Algunos las cargan como fantasmas demasiados reales, otros en cambio las llevan tatuadas en la piel.
Muchos otros prefieren convertirlas en dolor físico y algunos pocos quizás, puedan hacer algo más que cargar con ellas...
De cualquier manera, una marca que se aloja en el cuerpo, no sólo es la figura en sí misma que representa, sino también es el tiempo que esa figura evidencia: una especie de actualización y representación de una vivencia donde está presente el dolor. Pero claro, nada quiere saber el Yo del dolor psíquico.
No, por Dios!
Pero más allá de su no querer saber, ese Yo (al igual que cuando nos quemamos y nos queda la roncha en la piel) queda marcado.
Las marcas que llevamos son entonces, especies de retorno a esos fantasmas del ayer y también una defensa ante el dolor psíquico que conlleva lo traumático.
Repeticiones que vuelven y vuelven a producir ese dolor que nos recuerda lo oscuro y pegajoso del pasarla mal.
Así, esas marcas cumplirán para el que las lleve la función de un indicio, una vuelta parcial de lo reprimido que dice de la existencia de la muerte... pero también dice sobre la vida. Marcas que funcionarán como señal de alarma, como defensa ante situaciones de peligro.
Y si esas marcas son marcas de un duelo respecto a una pérdida, a un abandono y a cuestiones que Ud. quiera agregar, será cuestión de tomar esa cruz, cargarla sobre donde se pueda y andar por la vida viviendo-negando-buscando-sabiendo del dolor de existir.

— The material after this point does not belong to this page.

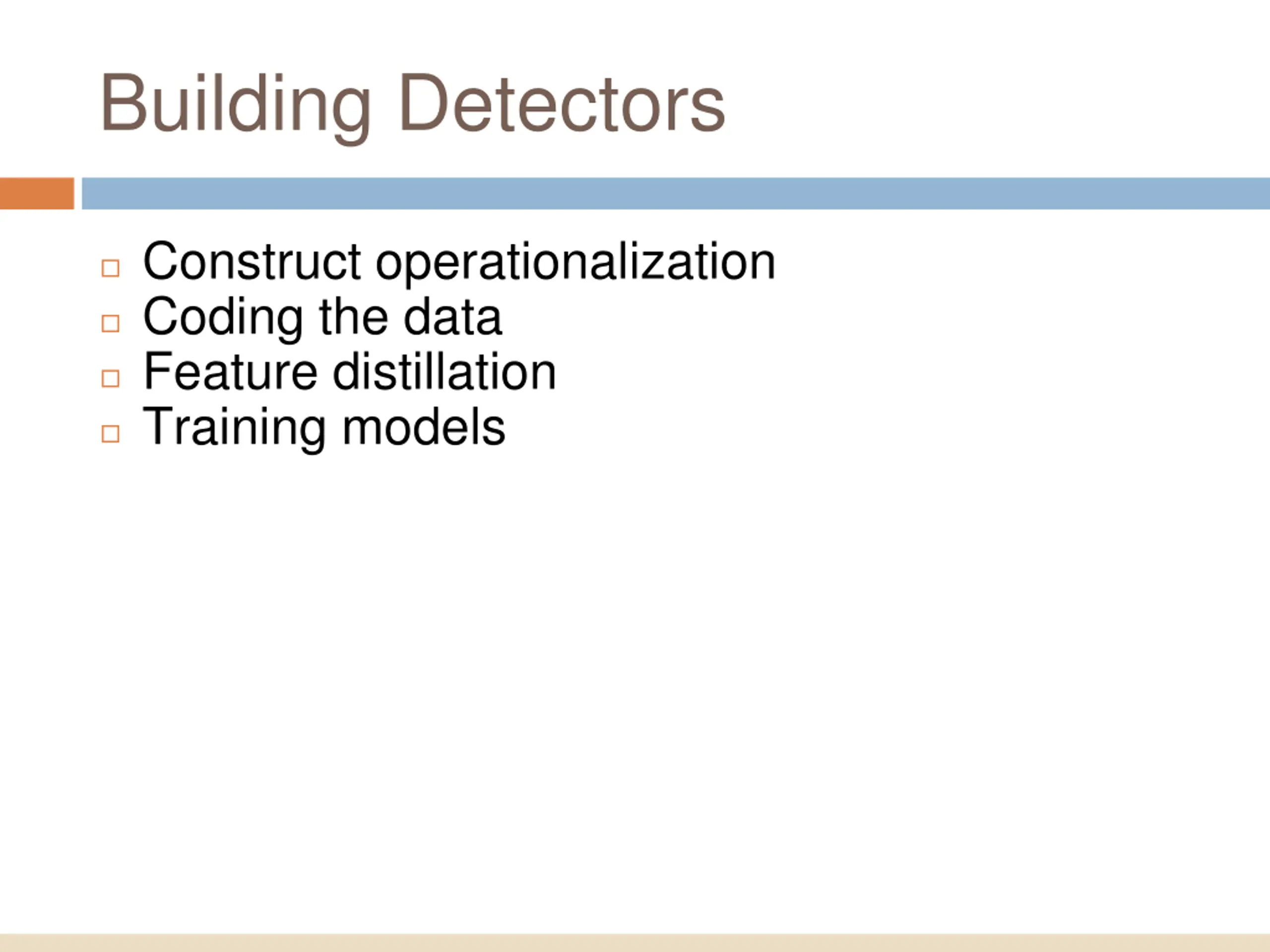 Building Detectors Construct operationalization Coding the data Feature distillation Training models

En el mejor de los casos, en el camino quizás esa cruz se convierta en lo que es en lo real... un dibujo que puede adornar el cuerpo y el dolor pueda así salir y ponerse en palabras, dejando atrás la memoria-olvido, y convertirse en memoria-recuerdo-repetido-elaborado.
No. No me convertí en Emo.
Quizás no quiera-pueda-tenga ganas de elaborar todavía.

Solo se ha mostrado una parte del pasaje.